The New Organization Wealth - Managing and Measuring Knowledge-Based Assets is quite a practical book for managers seeking to get theirs arms around those intangible corporate assets that cannot be easily measured. It's also valuable for those in the fields of knowledge management and corporate education who are wrestling with ways to facilitate the development and productivity of their organization's human competencies.

Although Sveiby's argument that intangible assets can account for the difference between a company's market capitalization and its net book value may not seem so persuasive since the dot.com collapse, his categorization of those assets as "employee competence", "internal structure", and "external structure" is useful as a way of thinking about the character and value of knowledge in an organization. Much more so than the vague catch-all asset of "good-will", knowledge, though also intangible, is an asset that can be created, managed, and measured, and can serve as the focal point for developing a strategic business model. Sveiby demonstrates this through a wide range of case studies.

Especially useful is his "radical notion" that "information is meaningless and of low value". When we consider how much money and human resources are expended on technologies that collect, store, and retrieve information, this will be an uncomfortable notion for many. However, Sveiby, supported by Michael Polanyi's theory of tacit knowledge (The Tacit Dimension, 1967), makes clear that information does play a role in knowledge creation and transfer. As a means of broadcasting articulated knowledge, information provides raw material, the stuff out of which people create knowledge through their interaction with it and with each other. Knowledge thus created is called competency by Sveiby and is defined as the "capacity to act".

Sveiby then introduces the subject of managing intangible assets by making useful distinctions between the roles of professionals and mangers in the "knowledge organization". He discusses how their competencies are best managed and transferred so that the flow of knowledge through the organization (its internal structure) leads to greater efficiency and effectiveness in managing the flow of knowledge in customer and supplier relationships (its external structure). His model leaves business managers with a choice between a knowledge-focused strategy, which "earns increasing returns primarily from intangible assets", and an information-focused strategy, which "earns increasing returns from adapting to information technology".

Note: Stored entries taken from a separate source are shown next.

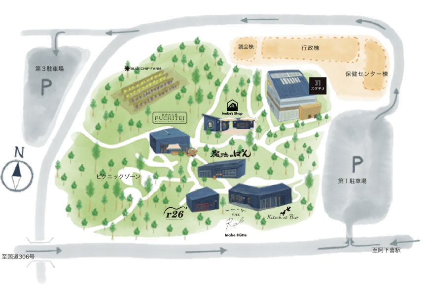 モノ・コト・トキを創造する「グリーンクリエイティブいなべ」のコンセプトを体現した地元の食材や商品を扱う店舗のある「にぎわいの森」は、地域住民との交流の場になっています。
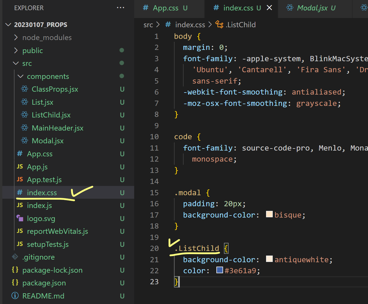 해당 컴포넌트 return div에 className="ListChild"라고 해야 한다.
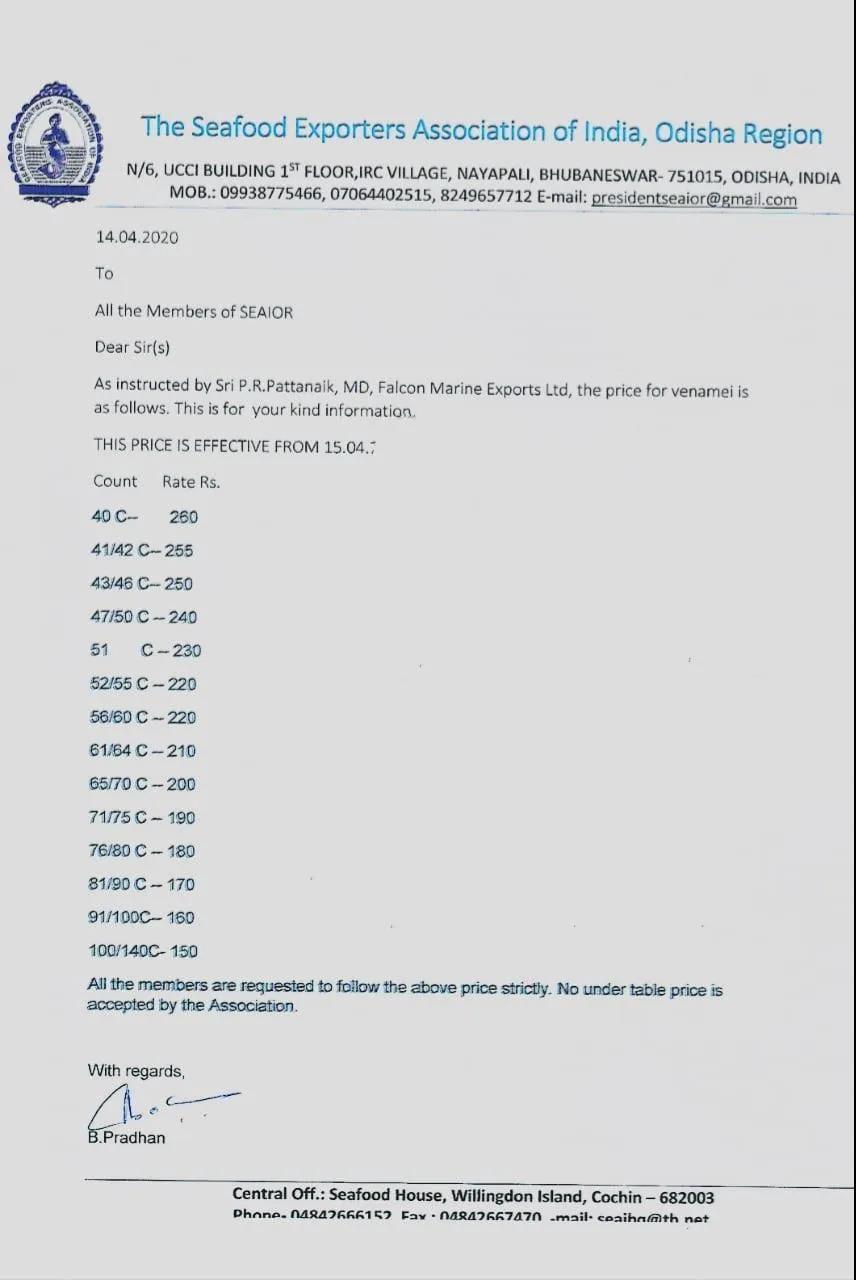 加工厂生产瓶颈对原材料价格产生直接影响。据印度海产品出口协会的数据,奥里萨邦白虾出塘价几乎跌至2018年价格崩盘时期的水平,40条/公斤规格白虾最低价为INR 260/kg($3.40/kg),50条/公斤价格为INR 230/kg,60条/公斤价格为INR 210/kg,70条/公斤价格为INR 190/kg。
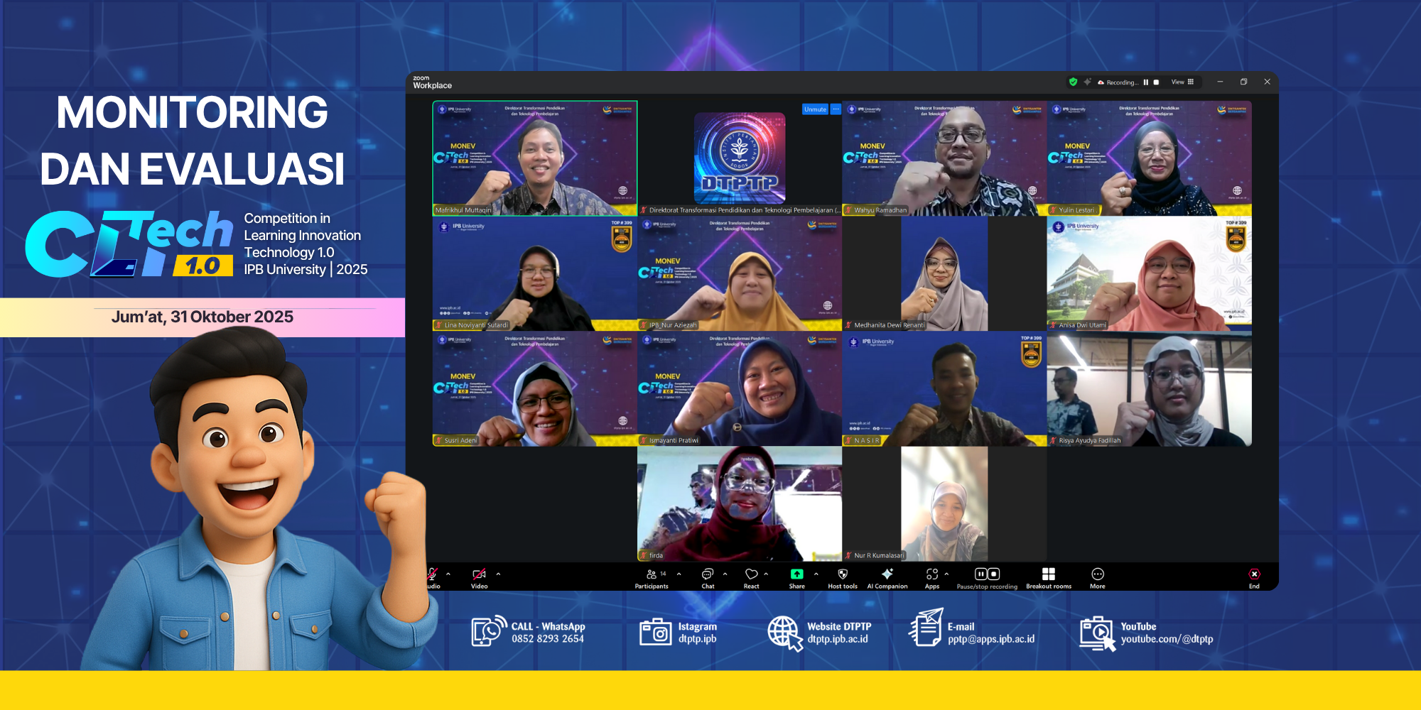 Direktorat Transformasi Pendidikan dan Teknologi Pembelajaran (DTPTP) IPB University menyelenggarakan kegiatan Monitoring dan Evaluasi (Monev) Program Hibah Competition in Learning Innovation Technology (Cli-Tech) 1.0 pada Jumat, 31 Oktober 2025, secara daring melalui platform Zoom Meeting.
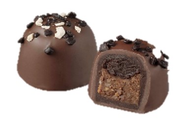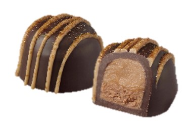 くるみとヘーゼルナッツの粒が入ったダークチョコレートクリームに、カカオの香りが豊かに広がるなめらかなダークチョコレートソースを重ね、ミルク&ダークチョコレートで包みました。ヘーゼルナッツとダークチョコレートのチップを飾り、ブラウニーのようなしっとり濃厚な ダークチョコレートとナッツのハーモニーを楽しめる満足感のあるひと粒。
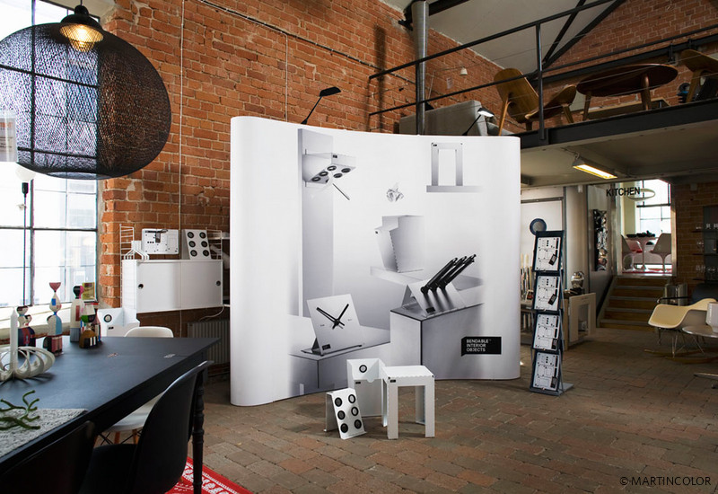Expand Media Wall is the successor to the well-known Expand 2000 system. Expand 2000's basic framework consists of a foldable scissor lattice system on which individually printed graphic panels can be attached using magnetic strips. Thanks to the patented system technology, within a few minutes a slightly curved presentation wall, with your advertising message, is ready to use. Expand Media Wall is available in different sizes and shapes. Media Wall can be used either as a pop-up display or as an expandable exhibition stand. Combining straight and curved systems together and extending them to integrated showcase or storage elements, creates a high-quality, quick to set up exhibition solution.

To account for it all, Sveiby lays out a non-financial system for measuring intangible assets. While providing some thoughtful perspectives on how one might do this, it is not clear that in the end these forms of measurement have the same utility and precision that financial measurements do. It is fair to say, however, that these types of measures, which include surveys, indices, ratios, and rates of changes, do offer indicators that can help to monitor actions that will develop, maintain, and grow these assets.

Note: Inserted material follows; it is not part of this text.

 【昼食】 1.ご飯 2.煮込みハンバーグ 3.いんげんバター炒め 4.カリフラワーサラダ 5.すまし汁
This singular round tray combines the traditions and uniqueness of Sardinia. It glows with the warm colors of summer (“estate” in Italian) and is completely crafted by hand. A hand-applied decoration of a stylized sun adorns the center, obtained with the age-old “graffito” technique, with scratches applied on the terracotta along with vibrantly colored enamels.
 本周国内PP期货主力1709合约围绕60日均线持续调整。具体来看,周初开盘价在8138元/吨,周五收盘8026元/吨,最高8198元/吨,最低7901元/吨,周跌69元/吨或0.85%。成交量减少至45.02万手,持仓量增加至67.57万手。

In the final paragraph of the book, Sveiby admits, "I do not believe that the information in a book such as this can really change anything", and in saying so remains true to his thesis: "The only valuable knowledge is that which equips us for action and that kind of knowledge is learned the hard way - by doing." He invites his readers to experiment with the information in his book and by doing so turn it into knowledge. The practicality of The New Organization Wealth - Managing and Measuring Knowledge-Based Assets is therefore dependent on what the reader does with the information it contains.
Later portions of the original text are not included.